Recorded data:
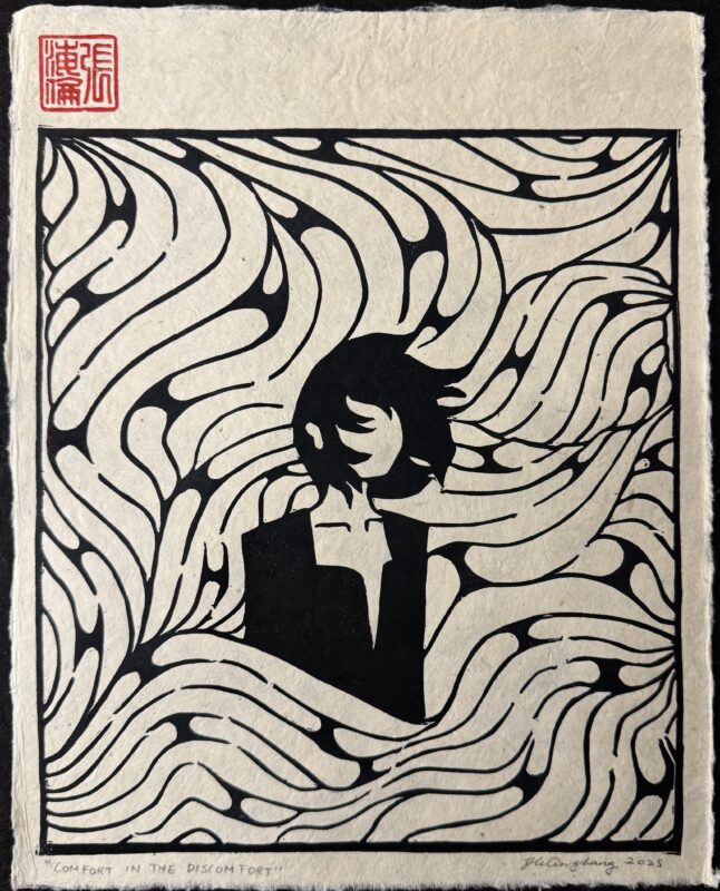 Her work merges psychological expression with traditional East Asian symbolism. Through flowing linework, rhythmic repetition, and the careful balance of positive and negative space, Zhang constructs visual landscapes shaped by memory, emotion, and embodiment. The physical act of carving is central to this process. Because the medium is irreversible, each cut becomes a permanent record of the moment in which it was made.
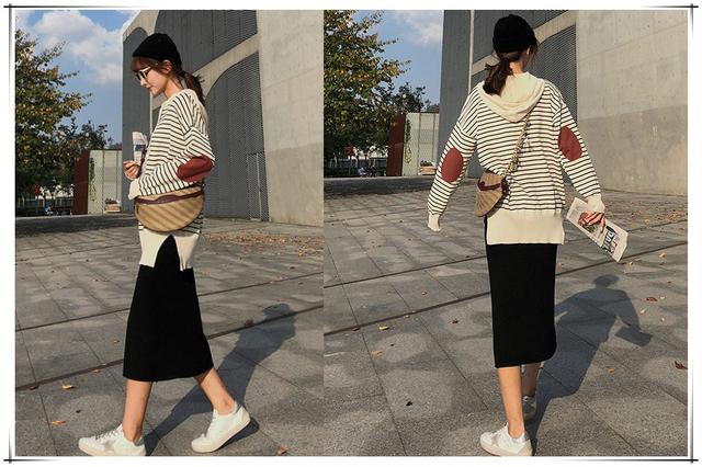 搭配上包臀裙很显得有女性的滋味,宽松的条纹给人很显得慵懒的觉得,包臀裙上窄下宽的廓形,很好显瘦你的身体,高腰的设计,很好提升你的腰线,拉长你的身高比例。
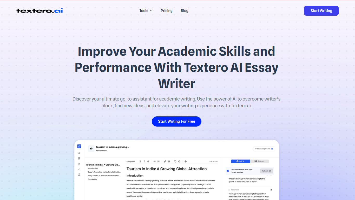 Elevate your academic writing with Textero AI Essay Writer, your ultimate resource for crafting flawless essays. This advanced writing assistant leverages AI technology to help you overcome writer’s block, discover new ideas, and provide academic sources complete with citations. It ensures all your essays are plagiarism-free, high-quality, and backed by factual information. With its user-friendly interface, Textero AI offers tools like AI PDF Summarizer, AI Research Tool, and Outline Generator to streamline your writing process. Start writing for free and enjoy a seamless writing experience that enhances your skills and performance.
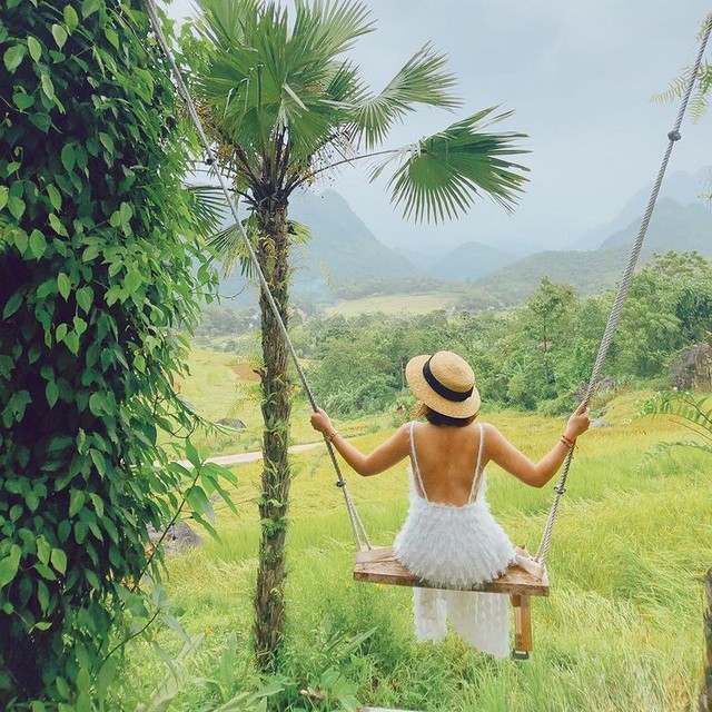 | Đặc biệt, một số khu nghỉ dưỡng sinh thái ở Pù Luông không chỉ sở hữu cảnh quan tuyệt đẹp mà còn bài trí nhiều góc tiểu cảnh sống động, phục vụ nhu cầu check-in đa dạng của du khách. (Nguồn: @vox.ngoc.hoa) |
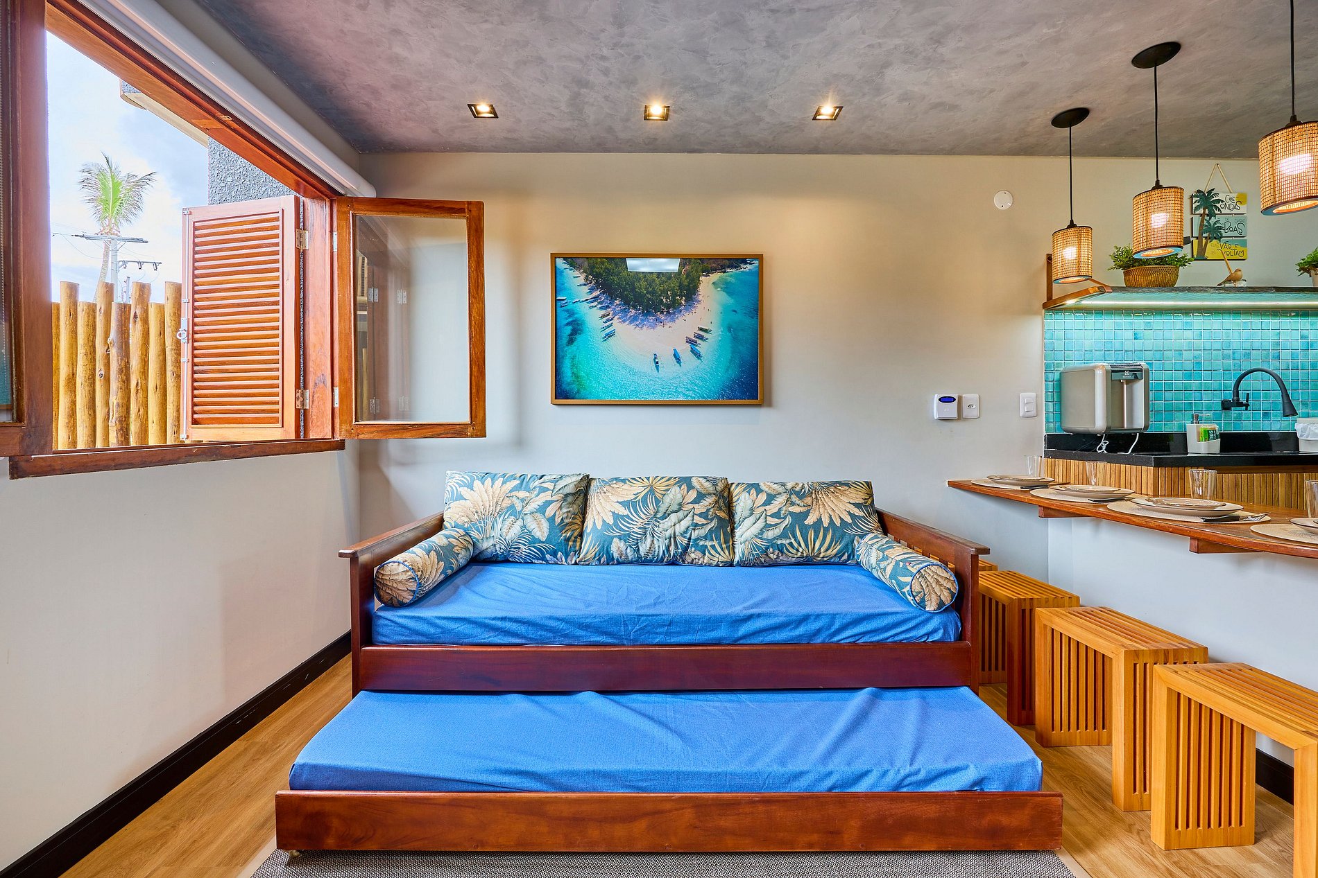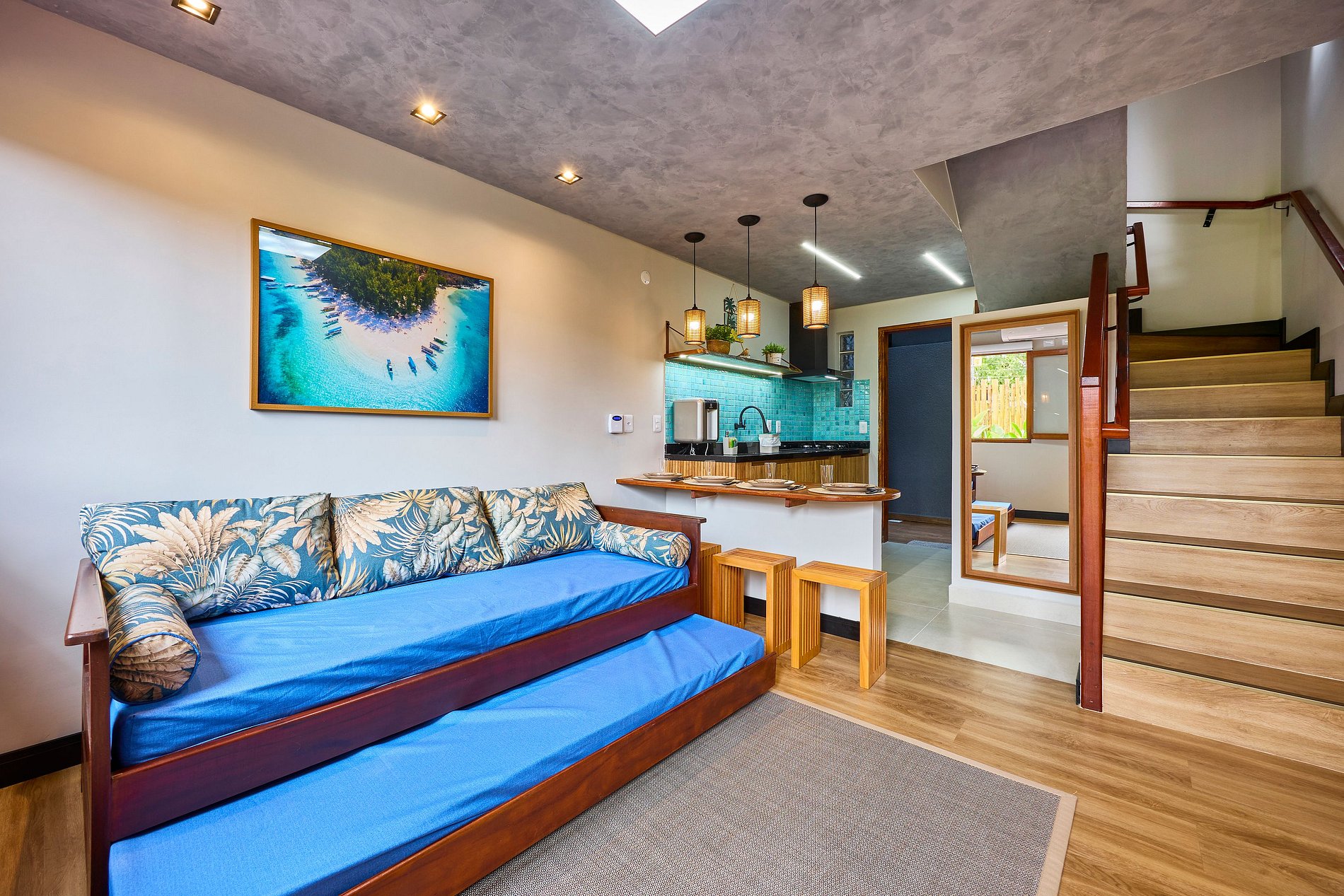 Sala de Estar : com ar e Sofá cama solteito + cama auxiliar ( acomoda 2 pessoas)

- YOUR GOAL -
Your reply should consist solely of the lines above, from the opening line through the line with "搭配上包臀裙很显得有女性的滋", reproduced exactly and without pictures.

- ANSWER BOX -
 Her work merges psychological expression with traditional East Asian symbolism. Through flowing linework, rhythmic repetition, and the careful balance of positive and negative space, Zhang constructs visual landscapes shaped by memory, emotion, and embodiment. The physical act of carving is central to this process. Because the medium is irreversible, each cut becomes a permanent record of the moment in which it was made.
 搭配上包臀裙很显得有女性的滋味,宽松的条纹给人很显得慵懒的觉得,包臀裙上窄下宽的廓形,很好显瘦你的身体,高腰的设计,很好提升你的腰线,拉长你的身高比例。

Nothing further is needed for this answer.